With surprisingly few changes in its structure 'The Beggar's Opera' became 'The Threepenny Opera'. Brecht and John Gay did share similar intentions, however. Gay had written a conscious piece of political satire for a London audience overfed on ornate, Italianate Handelian opera. His Macheath was a portrait of the Prime Minister of the day, Sir Robert Walpole. His audience little expected to see an opera set in a prison instead of on Mount Olympus; and to hear familiar street songs from the untrained voices of actors. The combination proved devastating and 'The Beggar's Opera' was a sensation.
Brecht wanted the same mix; politics and music, - the one harshly critical of bourgeois values; the other seductive, rhythmical and lyrical by turns, irresistible to its audience, this making the desired chemical reaction of content, form and spectator complete. In 1928, at the first performance, Brecht hoped to spring his trap. But he had not bargained for the immensity of his audience's sophistication, the breadth of their decadence. In furs and diamonds they revelled in its perversity, applauded its innovation as nothing more than chic, went home humming its tunes, - and missed the point. Kurt Weill's music became wildly popular as something divorced from the play; a jazzy film version was planned, - Brecht sued, settled out of court and washed his hands of the finished movie. Not until he founded his own actors company, The Berliner Ensemble, in 1949 was the play performed with anything like the author's intended effect.
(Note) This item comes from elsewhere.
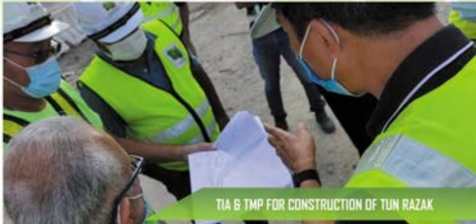
TIA & TMP FOR CONSTRUCTION OF TUN RAZAK

Though 'The Threepenny Opera' is set in a vaguely indistinct Victorian London, our production takes its tone from Brecht's Berlin between the wars. Christopher Isherwood, whose portrait of Sally Bowles in 'Goodbye to Berlin' formed the basis of the musical 'Cabaret', has described the city's special attraction then as a self-conscious celebration of the perverse. after 1918, the fall of the monarchy, and the setting up of the Weimar Republic, Berlin caught the desire of Germany's middle classes to escape from the horror and shame of the war into a decadent turmoil of sensual indulgence. Against the background of frantic moneymaking and violent political unrest, the Berliners ostentatiously immersed themselves in a new popular culture. The cinema produced dazzling work from directors like Pabst and Fritz Lang. The theatre world, lead by Max Reinhardt, found a brilliant new range of styles. Classical musicians like Weill explored the new jazz; and, perhaps most symptomatically of all, the nightclubs filled with cabaret, - harsh, brittle, strident and erotic. In all this there was little time spared for social responsibility to the poor; the Depression hit Germany hard and early. Morality was a thing redefined daily in the banks, boardrooms and bordellos of the city; self-respect was sold cheap every night in the bars and tenements. No single artist caught the fractured, hysterical kaleidoscope of Berlin before Hitler better than Brecht's friend and some-time collaborator, George Grosz. It was to his visual style that we first turned in making our production of 'The Threepenny Opera'.